■ **How to complete this task**:
Transcribe the listing below word for word but skip its images.

• • •

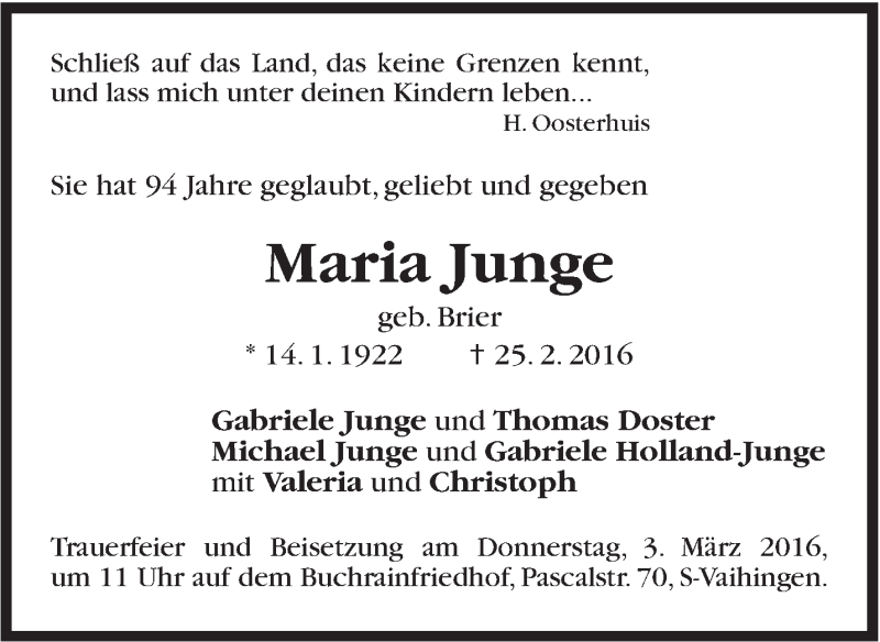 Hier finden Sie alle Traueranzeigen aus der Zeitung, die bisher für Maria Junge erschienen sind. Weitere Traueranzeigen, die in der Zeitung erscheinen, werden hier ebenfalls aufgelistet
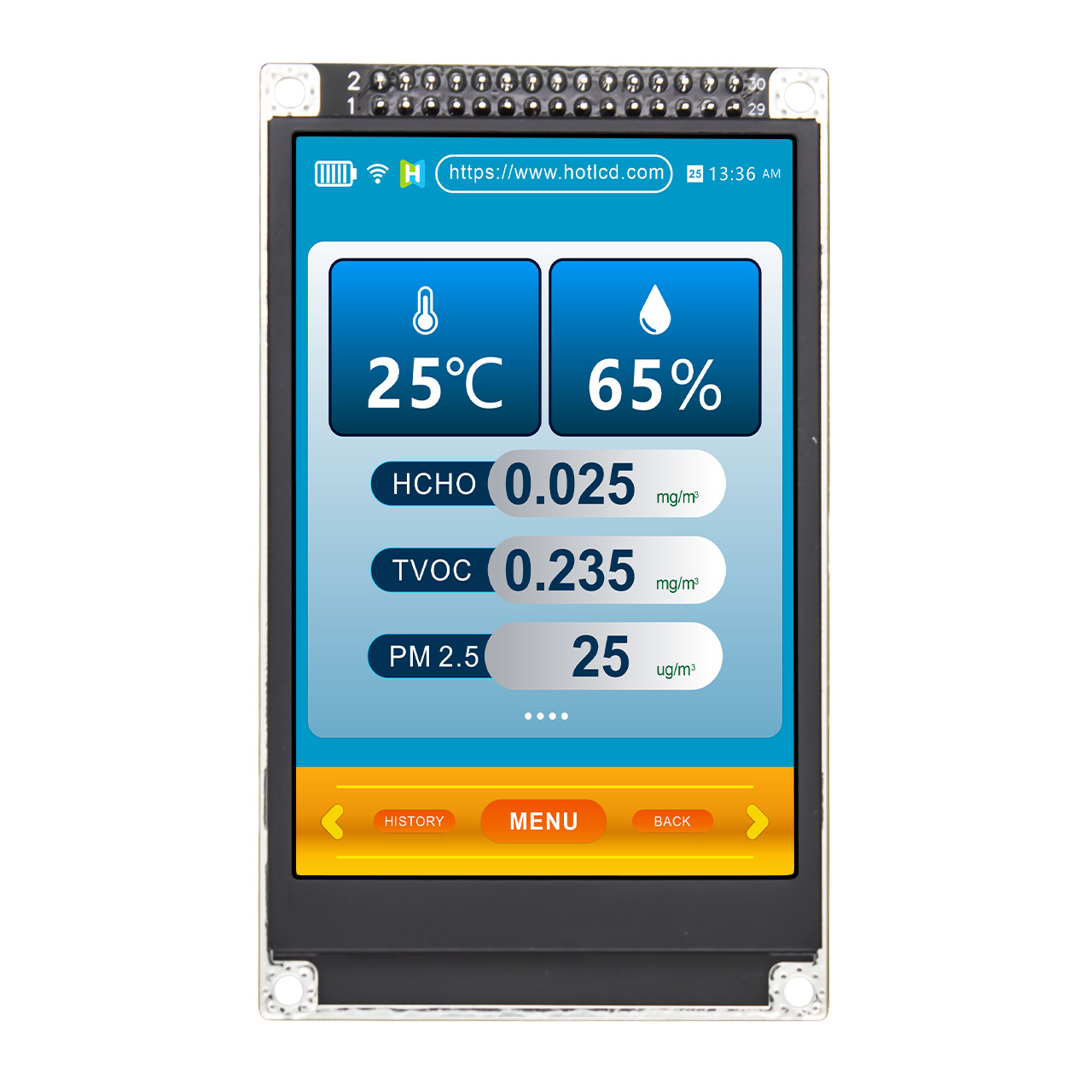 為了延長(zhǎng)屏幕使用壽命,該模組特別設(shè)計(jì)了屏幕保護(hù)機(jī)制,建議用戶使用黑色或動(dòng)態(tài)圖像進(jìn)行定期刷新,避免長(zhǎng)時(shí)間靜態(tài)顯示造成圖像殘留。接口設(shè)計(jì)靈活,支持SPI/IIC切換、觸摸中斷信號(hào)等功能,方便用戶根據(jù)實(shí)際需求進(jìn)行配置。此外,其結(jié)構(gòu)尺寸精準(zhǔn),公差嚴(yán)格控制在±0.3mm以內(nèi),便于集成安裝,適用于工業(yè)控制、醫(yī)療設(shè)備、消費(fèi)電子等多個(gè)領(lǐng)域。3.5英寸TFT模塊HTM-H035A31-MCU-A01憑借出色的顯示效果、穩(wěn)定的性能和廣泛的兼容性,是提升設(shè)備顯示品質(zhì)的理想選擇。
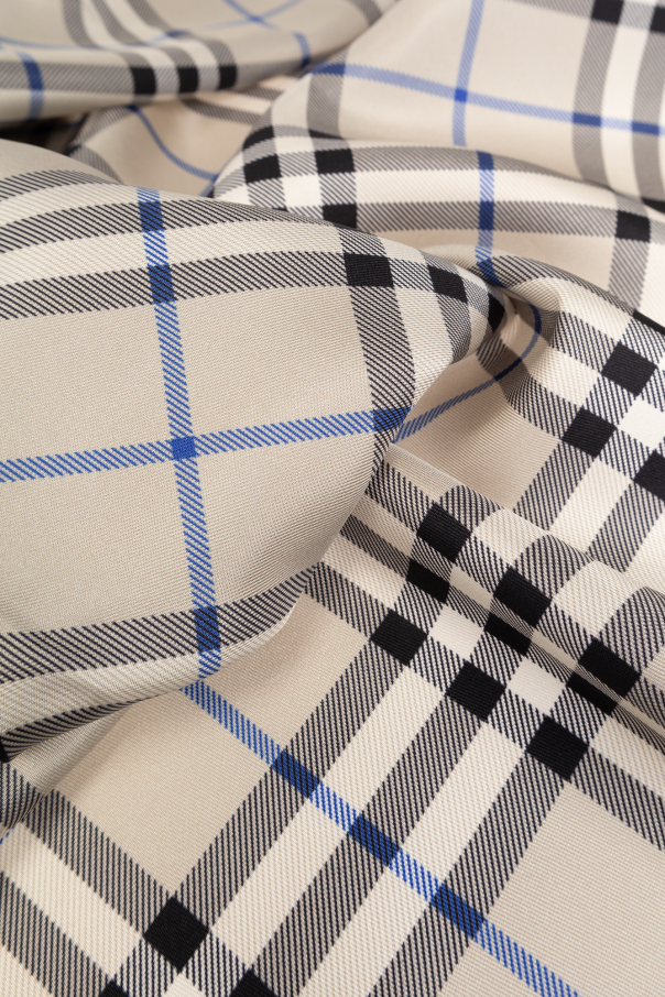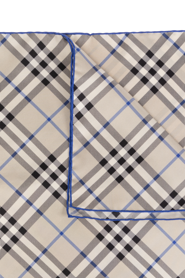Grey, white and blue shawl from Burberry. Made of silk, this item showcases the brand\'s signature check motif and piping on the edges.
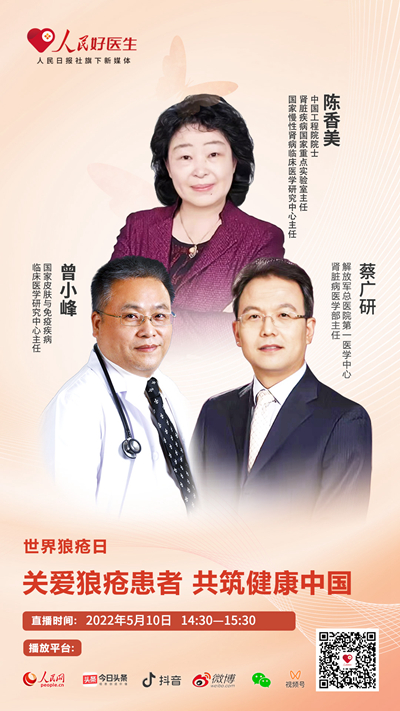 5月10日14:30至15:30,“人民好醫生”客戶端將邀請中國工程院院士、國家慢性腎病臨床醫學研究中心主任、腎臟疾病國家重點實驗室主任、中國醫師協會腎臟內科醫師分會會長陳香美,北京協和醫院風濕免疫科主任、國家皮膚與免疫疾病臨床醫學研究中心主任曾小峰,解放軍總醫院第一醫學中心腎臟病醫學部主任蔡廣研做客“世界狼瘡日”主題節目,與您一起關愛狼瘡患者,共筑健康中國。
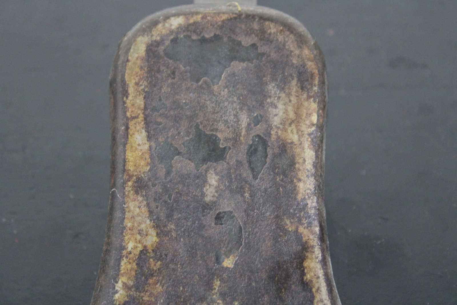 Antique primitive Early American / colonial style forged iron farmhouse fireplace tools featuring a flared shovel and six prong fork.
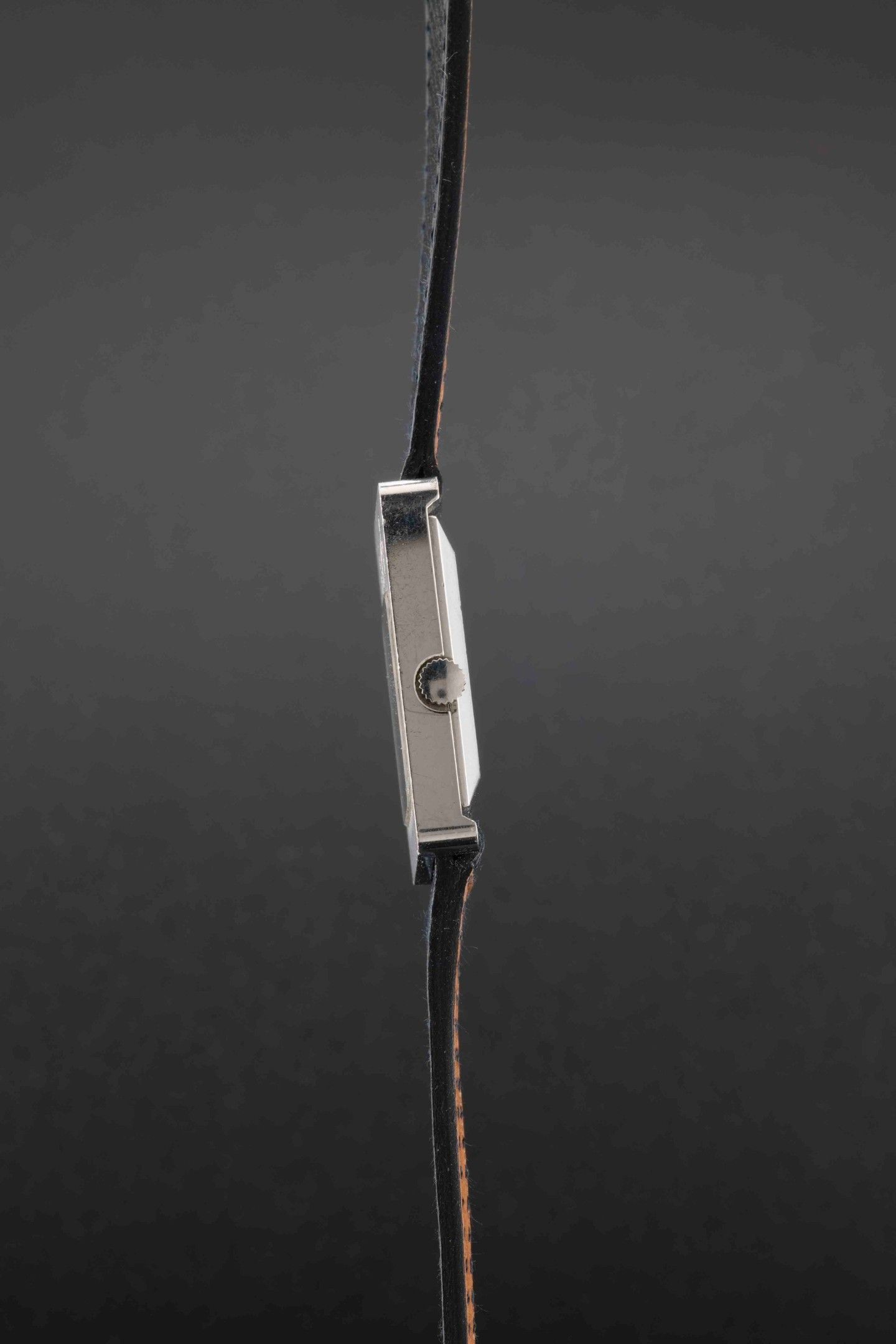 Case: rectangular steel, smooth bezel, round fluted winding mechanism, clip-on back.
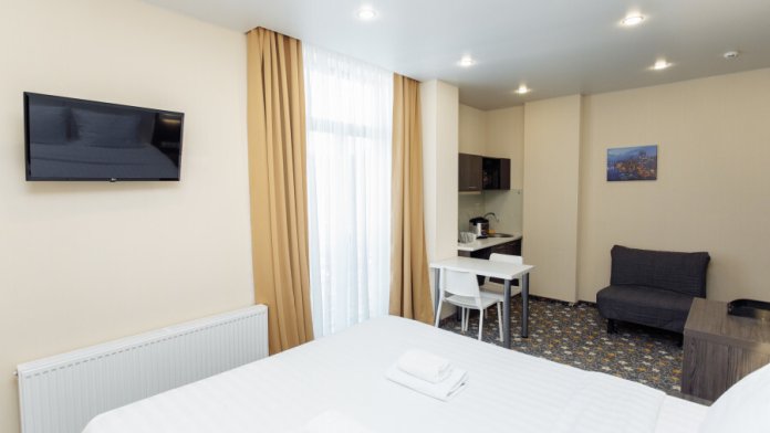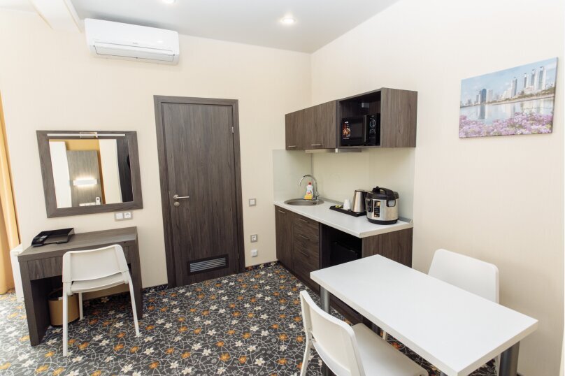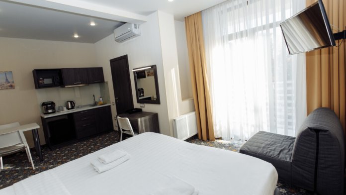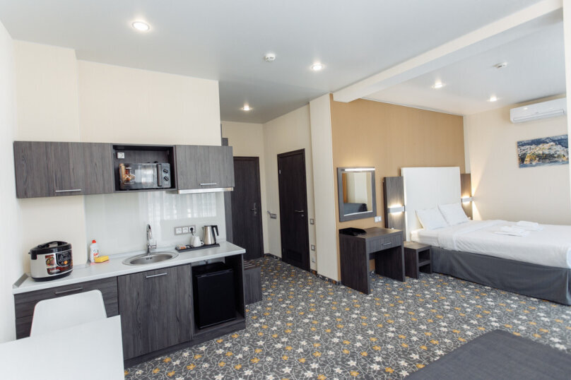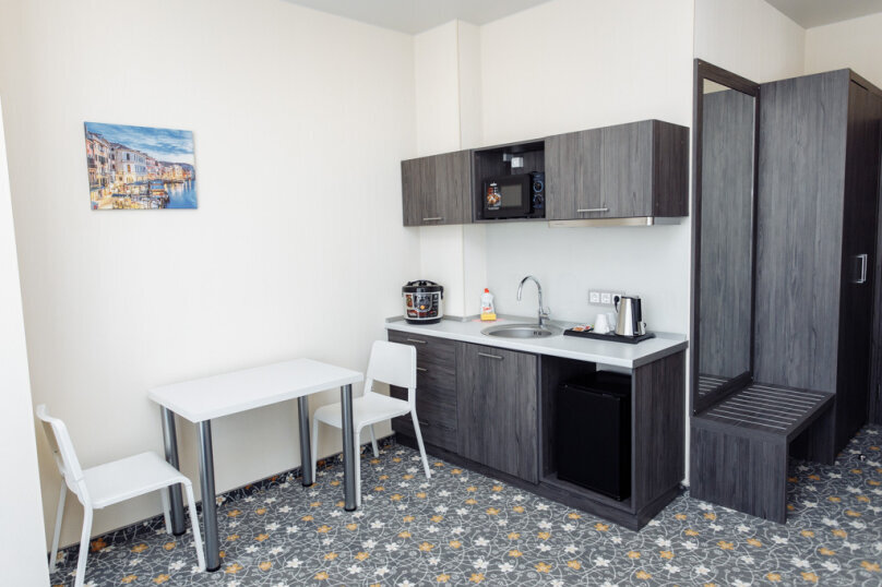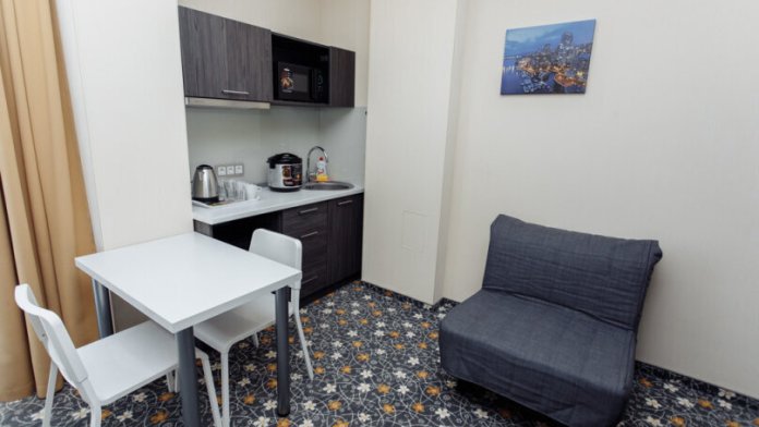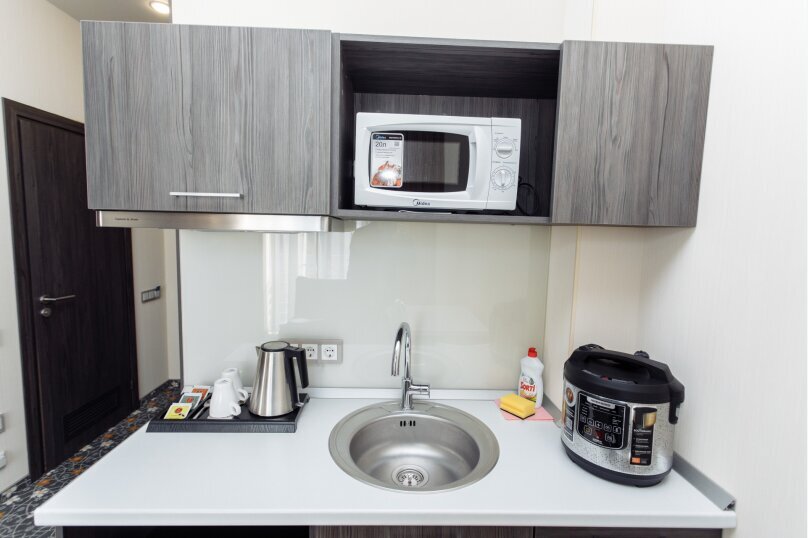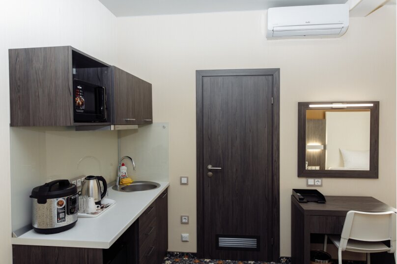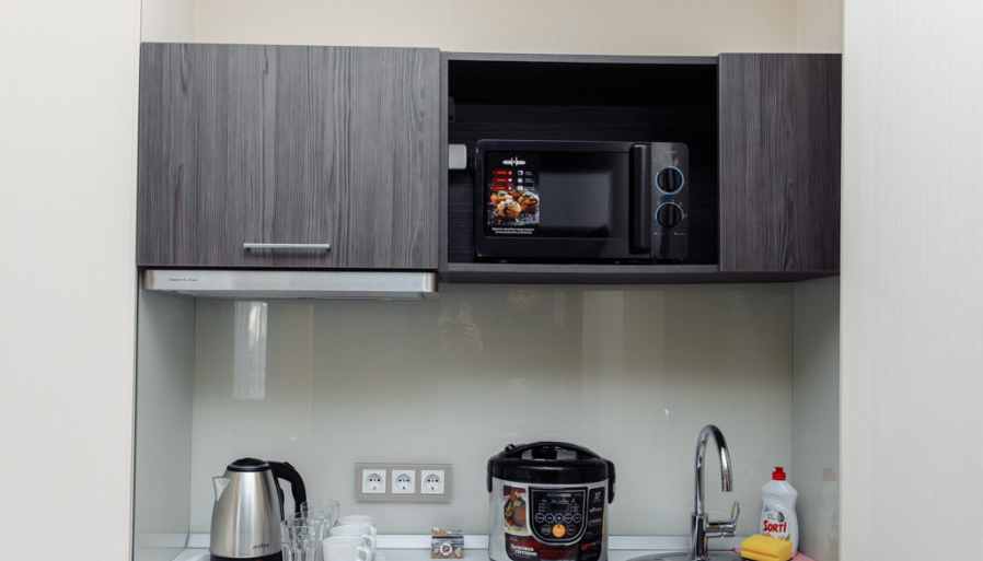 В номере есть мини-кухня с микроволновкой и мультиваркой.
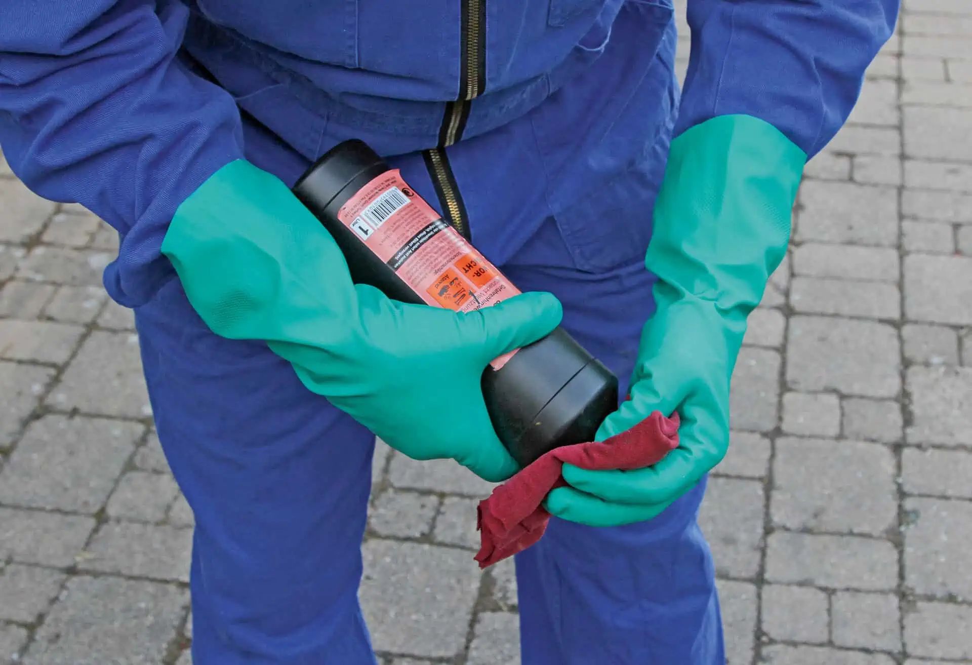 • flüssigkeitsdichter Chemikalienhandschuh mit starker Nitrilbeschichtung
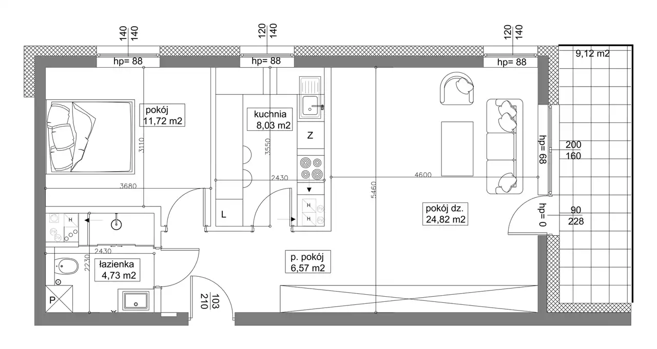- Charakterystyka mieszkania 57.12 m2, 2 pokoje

• • •

■ **Problem solution**:
 Hier finden Sie alle Traueranzeigen aus der Zeitung, die bisher für Maria Junge erschienen sind. Weitere Traueranzeigen, die in der Zeitung erscheinen, werden hier ebenfalls aufgelistet
 為了延長(zhǎng)屏幕使用壽命,該模組特別設(shè)計(jì)了屏幕保護(hù)機(jī)制,建議用戶使用黑色或動(dòng)態(tài)圖像進(jìn)行定期刷新,避免長(zhǎng)時(shí)間靜態(tài)顯示造成圖像殘留。接口設(shè)計(jì)靈活,支持SPI/IIC切換、觸摸中斷信號(hào)等功能,方便用戶根據(jù)實(shí)際需求進(jìn)行配置。此外,其結(jié)構(gòu)尺寸精準(zhǔn),公差嚴(yán)格控制在±0.3mm以內(nèi),便于集成安裝,適用于工業(yè)控制、醫(yī)療設(shè)備、消費(fèi)電子等多個(gè)領(lǐng)域。3.5英寸TFT模塊HTM-H035A31-MCU-A01憑借出色的顯示效果、穩(wěn)定的性能和廣泛的兼容性,是提升設(shè)備顯示品質(zhì)的理想選擇。
Grey, white and blue shawl from Burberry. Made of silk, this item showcases the brand\'s signature check motif and piping on the edges.
 5月10日14:30至15:30,“人民好醫生”客戶端將邀請中國工程院院士、國家慢性腎病臨床醫學研究中心主任、腎臟疾病國家重點實驗室主任、中國醫師協會腎臟內科醫師分會會長陳香美,北京協和醫院風濕免疫科主任、國家皮膚與免疫疾病臨床醫學研究中心主任曾小峰,解放軍總醫院第一醫學中心腎臟病醫學部主任蔡廣研做客“世界狼瘡日”主題節目,與您一起關愛狼瘡患者,共筑健康中國。
 Antique primitive Early American / colonial style forged iron farmhouse fireplace tools featuring a flared shovel and six prong fork.
 Case: rectangular steel, smooth bezel, round fluted winding mechanism, clip-on back.
 В номере есть мини-кухня с микроволновкой и мультиваркой.
 • flüssigkeitsdichter Chemikalienhandschuh mit starker Nitrilbeschichtung
- Charakterystyka mieszkania 57.12 m2, 2 pokoje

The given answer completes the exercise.